Ахмедов приходил в себя — застонал тихонько, глаза его выкатились из-под век, но были еще подернуты туманом. Я сидел над ним на корточках. Ну, ну, очнись, Алеша, ну же…
— У нас в Крыму тоже полно татарвы, — сказал Саломыков. — Тубетейки-таратайки…
— Заткнись! — крикнул я, вздернув голову.
— Рот затыкаешь? — Улыбка Саломыкова показалась мне радостной. — Нам рот не заткнете! — повысил он голос. — Мы вас всех…
Я не дослушал гнусную матерщину. Впоследствии, когда я вспоминал, что произошло, я убеждался в справедливости выражения «невзвидев свету». Так оно и было… словно темной шторой задернуло зимний день… резко поднявшись, я слепым ударом головой в грудь сбил Саломыкова с ног…
В следующий миг пелена спала с глаз, я с ужасом увидел, что Саломыков барахтается в проруби, в ледяной каше, среди опрокидывающихся под его тяжестью льдин. Я подал руку, он ухватился, я потянул. С оскаленным ртом, часто дыша, Саломыков выполз на кромку льда. Склянин стал с него срывать тяжелый промокший маскхалат, приговаривая:
— Двигайся, двигайся, Мишка… Замерзнешь…
И уже поспешал к нам Жолобов, издали увидев неблагополучие на нашем участке трассы.
— Вы, петухи! — кричал издали. — На минуту вас не оставь! Ну? — крикнул, подбежав, переводя дух. — Что стряслось?
Мы со Скляниным растирали Саломыкова, а тот лязгал зубами, подпрыгивал. Его мокрые валенки быстро покрывались ледяной коркой. Ахмедов медленно, как во сне, подымался на ноги. Один Маковкин стоял недвижно, держась за рукоять пилы, и сонно смотрел сквозь узкие щелки век на нашу суету.

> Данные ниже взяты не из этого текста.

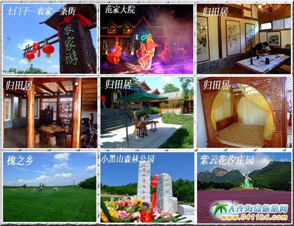 青銅時代墓葬遺址——大、小石棚,全國4A級旅游景區、百家紅色經典景區——關向應紀念館,中國北方最大的薰衣草花田——紫云花汐莊園,大連首家田園休閑文化主題餐廳——歸田居,中國北方首家高級豪華休閑農莊——槐之鄉休閑莊園、農家特色美食——土門子農家一條街、大連“休閑農業第一莊”——富美莊園、以及小黑山森林公園,萬畝大櫻桃基地,藍莓莊園等各具特色的休閑農莊。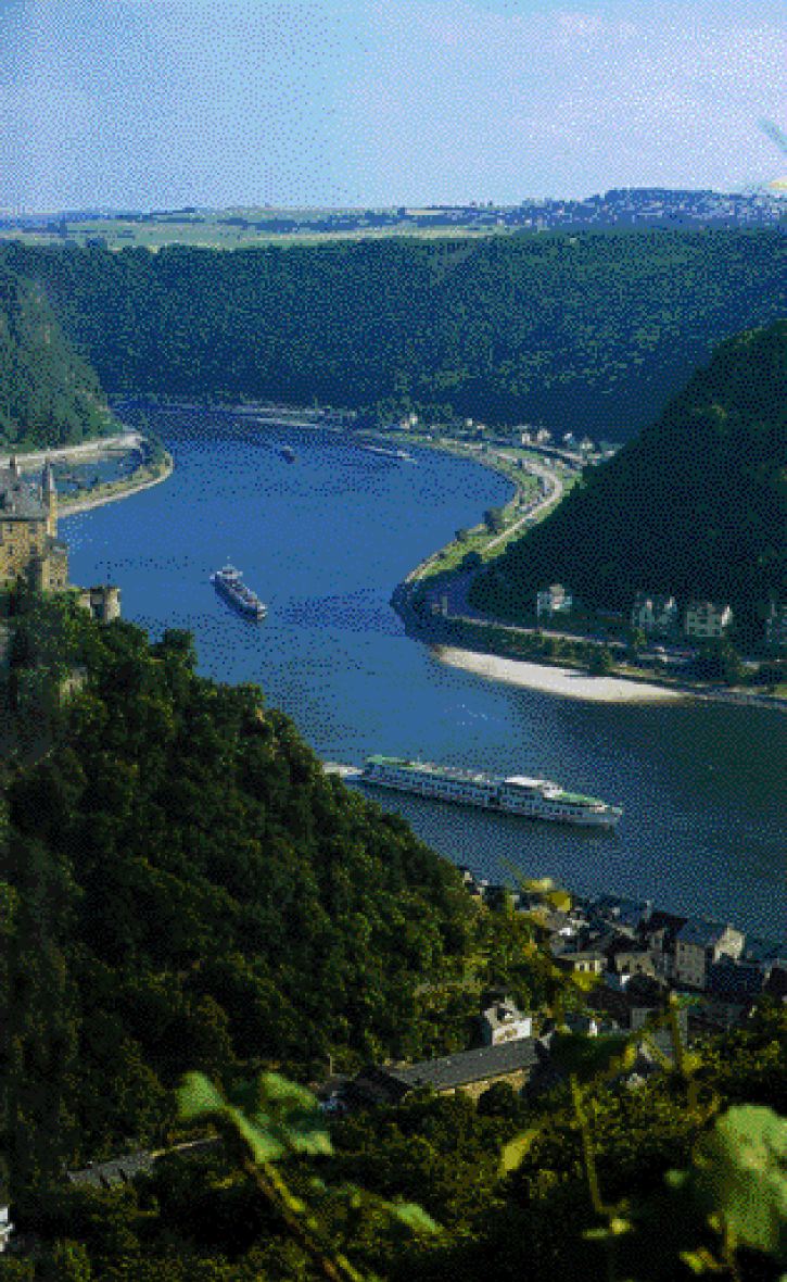 Στον Μέσο Ρήνο το γαλήνιο και καθησυχαστικό τοπίο, με τις χαμηλές δασωμένες όχθες, το διαδέχεται μείγμα απειλής και ειδυλλίου. Το πρωινό είναι κρυστάλλινα λαγαρό και το ποτάμι στενεύει κυλώντας φιδογυριστό ανάμεσα στις απότομες και κατάφυτες με αμπέλια πλαγιές των βουνών τις σπαρμένες με κάστρα. Την κατάλληλη στιγμή, στο ωραιότερο τμήμα του ποταμού, ακούγεται απαλό το τραγούδι της Λορελάι καθώς το πλοίο σκίζει τα πράσινα νερά κάτω από τον βράχο της.

Треска с ходу разобрался в обстановке. Усадил Саломыкова на сани, велел Склянину отвезти его на форт, в санчасть, да поживее, одна нога здесь, другая там, не то Саломыков «укатается в статуй».
Молча я выслушал гневные выкрики мичмана. Это был «предварительный разговор», а наказание за драку еще будет, пообещал он.
Настал день, когда трасса была прорублена на протяжении почти полутора километров. Можно было поднимать кабель.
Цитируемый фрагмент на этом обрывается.